Data extracted from a collection:
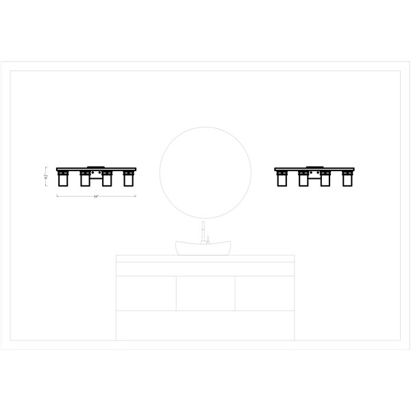 Exuding horizontal lines and a broad overhang, this versatile 4-light vanity complements both traditional and modern spaces alike. Crafted from steel in a neutral solid finish, it features a rectangular backplate, a thin support arm, and four frosted glass cylindrical shades. Inside each shade, this fixture accommodates a 100W bulb (sold separately). We love that it's compatible with dimmer switches, and can even be mounted either up or down to help you get just the right look.
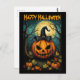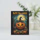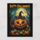 A colorful creepy pumpkin postcard. Happy Halloween.
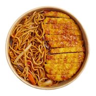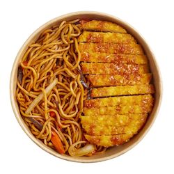 Poulet katsu et nouilles sautées
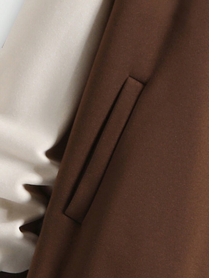 Street Life Hombres Cazadora de universidad con estampado de oso y letra de dos tonos sin capucha
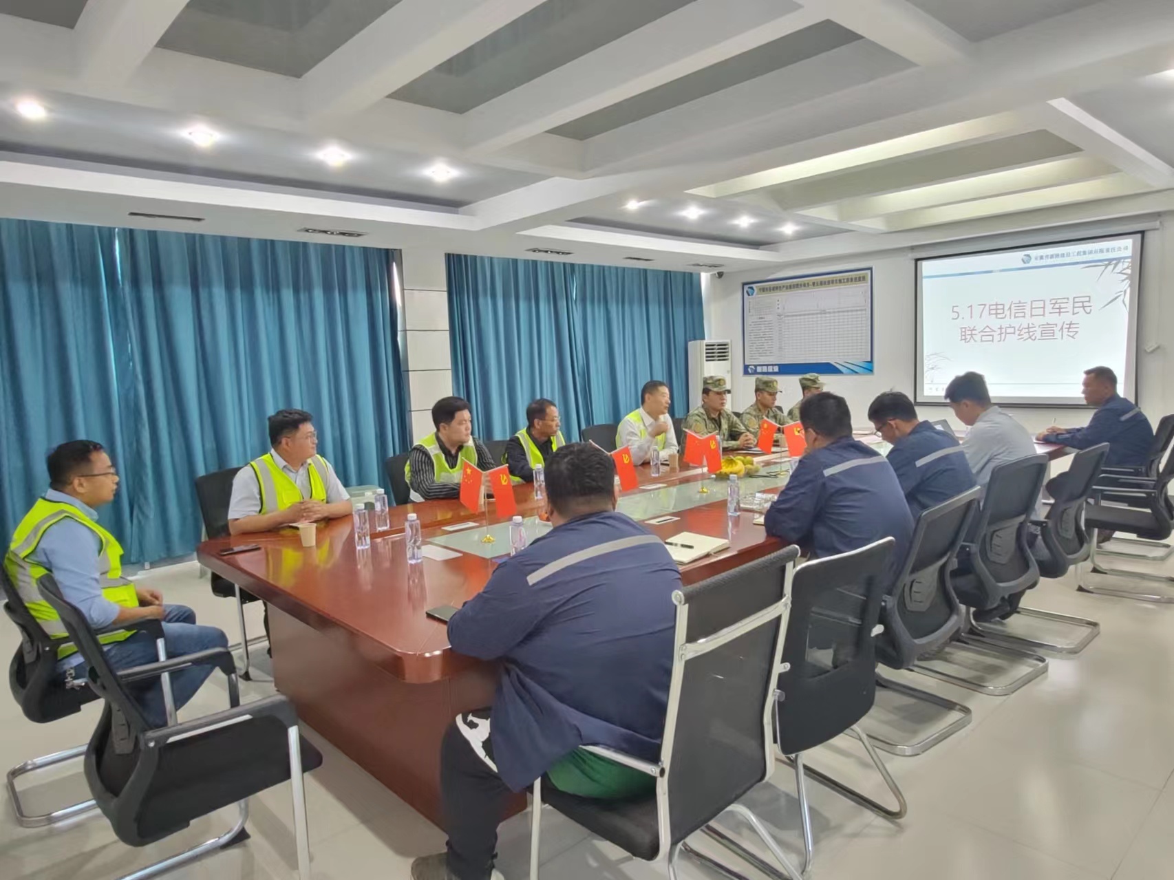 2024年5月16日上午,长线局、军区各级领导莅临宁国市紫云路改造项目,针对“5月17日电信日军民联合护线”进行宣传,建设单位、施工单位相关人员陪同参加宣传会。
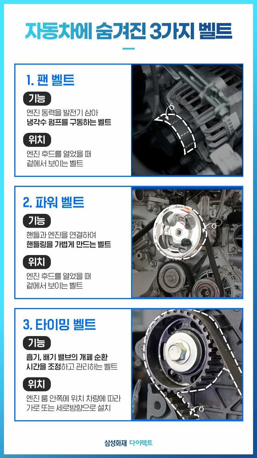 자동차에는 안전벨트 외에도 구동 벨트와 타이밍 벨트라는 부품이 존재하는데요. 구동벨트는 차종에 따라 1~3개의 벨트로 구성되어 있으며 팬 벨트, 파워벨트 등으로 구성되어 있습니다. 타이밍 벨트는 엔진의 힘을 전달해 주는 벨트를 의미합니다.
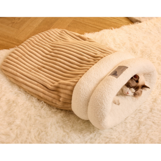 차온스 고양이 침낭 숨숨집 겨울 강아지 이불 반려동물, 갈색, 1개, free
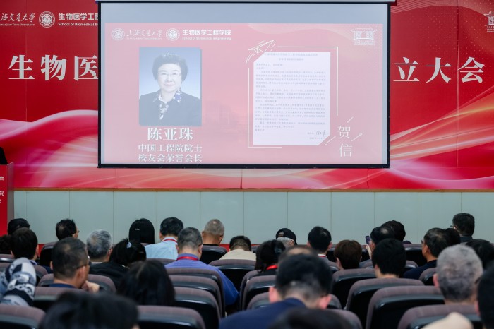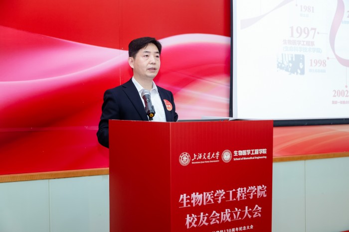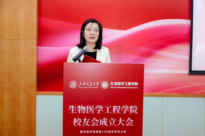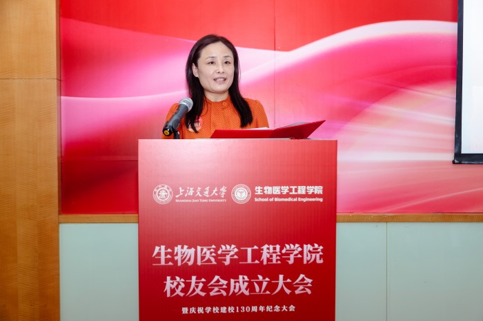 胡薇薇代表学校致辞并祝贺海角网 校友会成立。她指出,生物医学仪器专业是国内最早创办的生物医学工程专业之一,四十余载为我国医疗健康事业培养了大批领军人才。她强调,校友会是联结情感、凝聚共识的平台,希望学院校友会能够当好桥梁纽带,传承交大精神,凝聚校友力量,成为每一位校友的精神家园,成为校友之间、校友与母校之间双向赋能的坚实平台,为国家和人民的健康事业贡献交大智慧和力量。
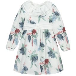 Exclusive to Childrensalon, a younger girls pink dress from Patachou, with a floral pattern in different shades of pink. It is made in soft chiffon, with a lightweight cotton lining that has tulle trim for extra volume. There is a pale pink ruffle collar, with a fixed sash belt that ties in a bow on the back. A logo charm is attached to the waist and it fastens with a zip on the back.
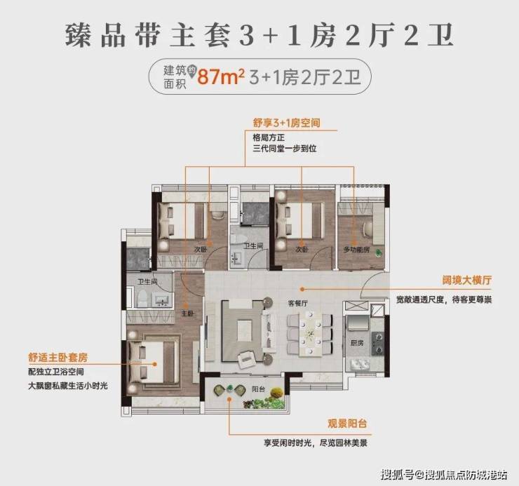 建面约87㎡高实用四房
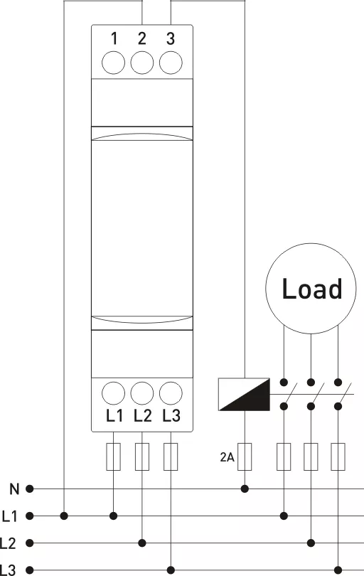 Normalna praca (brak błędu): gdy napięcie, balans i sekwencja faz mieści się w normalnych wartościach, przekaźnik zostaje aktywowany, a dioda OUT świeci.
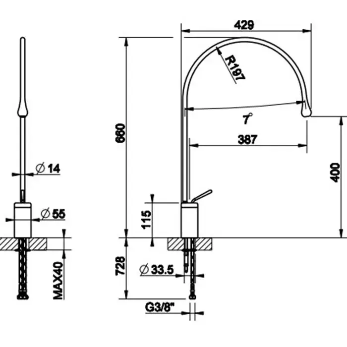 Gessi Goccia Смеситель для раковины на 1 отверстие, излив 387мм R=197, цвет: хром
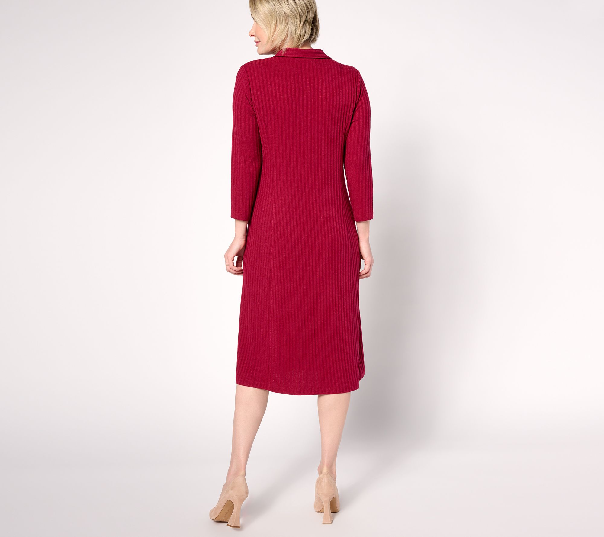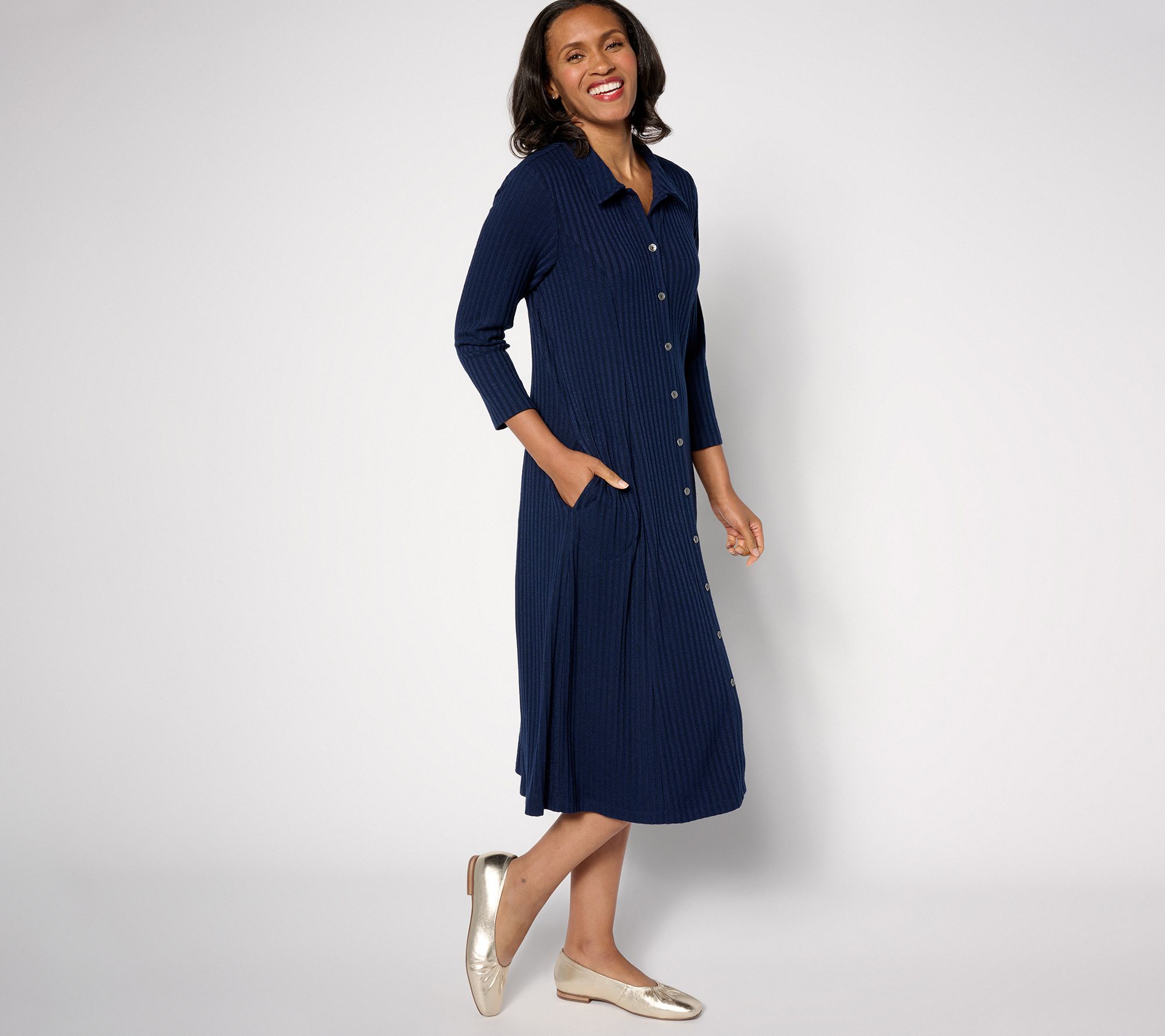 Sashay through the day in this button-front midi dress. The ribbed sweater knit is oh-so comfy, a true testament to your impeccable style. From Susan Graver.

◆ WHAT TO DO
Your answer must consist only of the lines from the one containing "建面约87㎡高实用四房" through the end of the entries, restated word for word, with no pictures.

◆ WORKED SOLUTION
 建面约87㎡高实用四房
 Normalna praca (brak błędu): gdy napięcie, balans i sekwencja faz mieści się w normalnych wartościach, przekaźnik zostaje aktywowany, a dioda OUT świeci.
 Gessi Goccia Смеситель для раковины на 1 отверстие, излив 387мм R=197, цвет: хром
 Sashay through the day in this button-front midi dress. The ribbed sweater knit is oh-so comfy, a true testament to your impeccable style. From Susan Graver.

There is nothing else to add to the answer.